[Data excerpts]
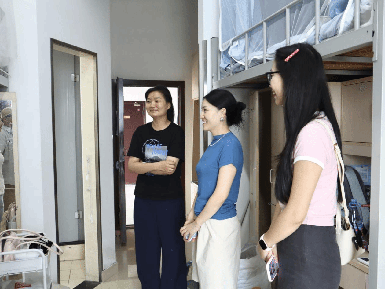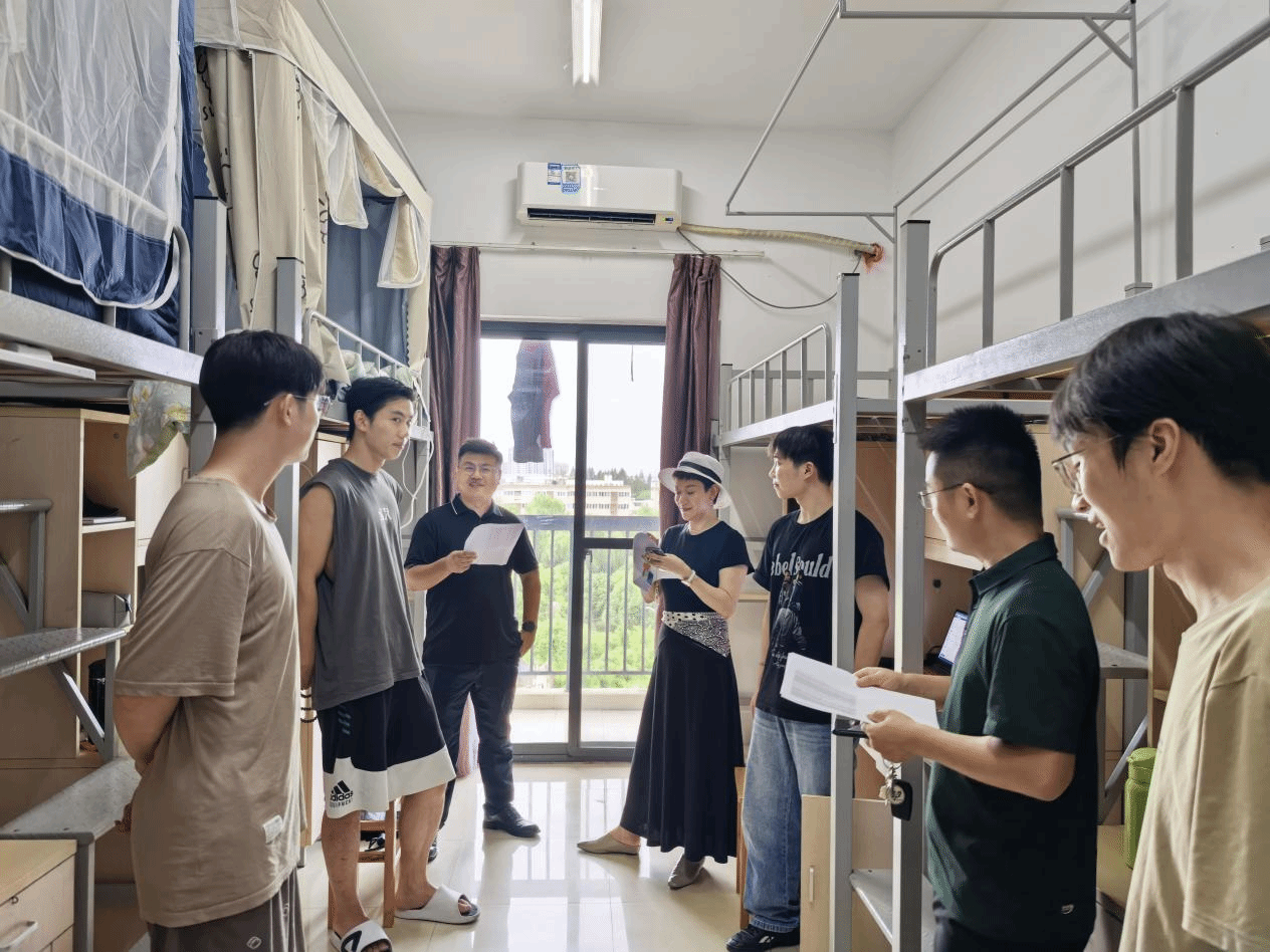 下午时分,成人av 的温暖主线从公共空间延伸至学生生活的“最小单元”。由成人av 学生工作负责人刘小娣、班主任刘召、研究生秘书和辅导员组成的走访团队,深入2025级研究生新生所在的宿舍,开展寝室走访活动。
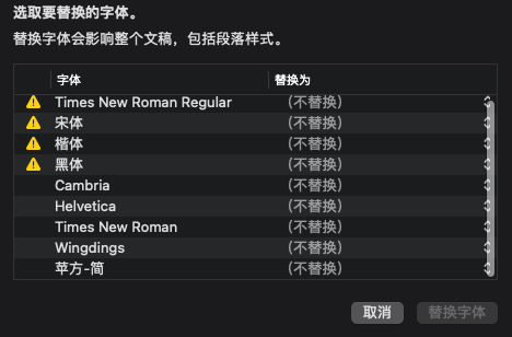 Still it reminds that Fonts are missing despite I have “宋体” in the menu.
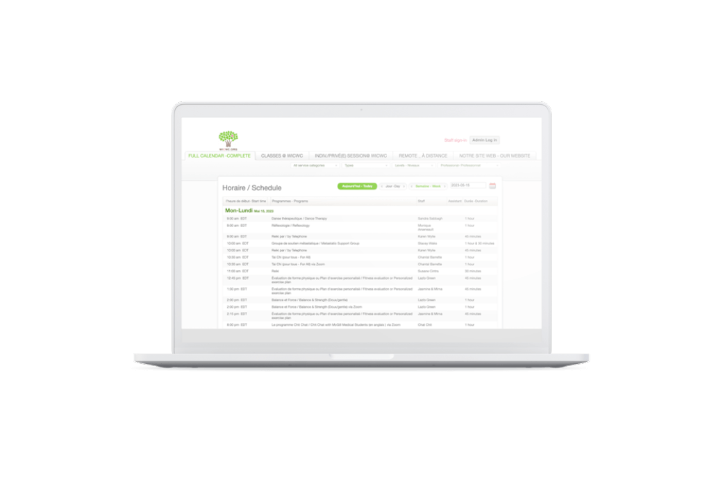 Découvrez nos offres dans le calendrier mensuel, votre ressource de référence pour tous les programmes et services disponibles. Explorez la gamme diversifiée de séances individuelles, d’ateliers, de cours et de groupes conçus pour soutenir votre bien-être.
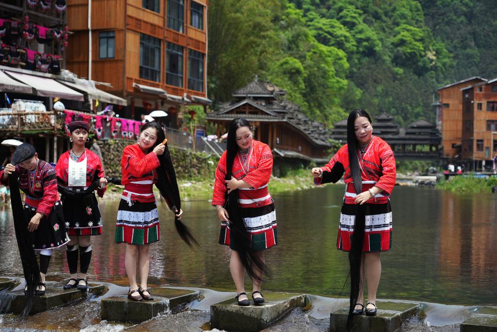 Луншэн /Гуанси-Чжуанский АР/, 20 апреля /Синьхуа/ -- Показ длинных волос, дефиле, песенный диалог и танцы - в числе мероприятий, прошедших по случаю праздника "третье число третьего месяца" по лунному календарю в уезде Луншэн 19 апреля. Фестиваль длинных волос является визитной карточкой местной деревни Хуанло, населенной преимущественно красными яо - частью народа яо. -0-
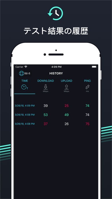アプリで計測したスピード結果は履歴に残すことができます。過去に計測したスピード結果を振り返りましょう。いつどこで行った接続が速かったのかを比べることができます。

• _YOUR ASSIGNMENT_
The copy should match the records above exactly, except that pictures are dropped.

• _ANSWER TO THE EXERCISE_
 下午时分,成人av 的温暖主线从公共空间延伸至学生生活的“最小单元”。由成人av 学生工作负责人刘小娣、班主任刘召、研究生秘书和辅导员组成的走访团队,深入2025级研究生新生所在的宿舍,开展寝室走访活动。
 Still it reminds that Fonts are missing despite I have “宋体” in the menu.
 Découvrez nos offres dans le calendrier mensuel, votre ressource de référence pour tous les programmes et services disponibles. Explorez la gamme diversifiée de séances individuelles, d’ateliers, de cours et de groupes conçus pour soutenir votre bien-être.
 Луншэн /Гуанси-Чжуанский АР/, 20 апреля /Синьхуа/ -- Показ длинных волос, дефиле, песенный диалог и танцы - в числе мероприятий, прошедших по случаю праздника "третье число третьего месяца" по лунному календарю в уезде Луншэн 19 апреля. Фестиваль длинных волос является визитной карточкой местной деревни Хуанло, населенной преимущественно красными яо - частью народа яо. -0-
アプリで計測したスピード結果は履歴に残すことができます。過去に計測したスピード結果を振り返りましょう。いつどこで行った接続が速かったのかを比べることができます。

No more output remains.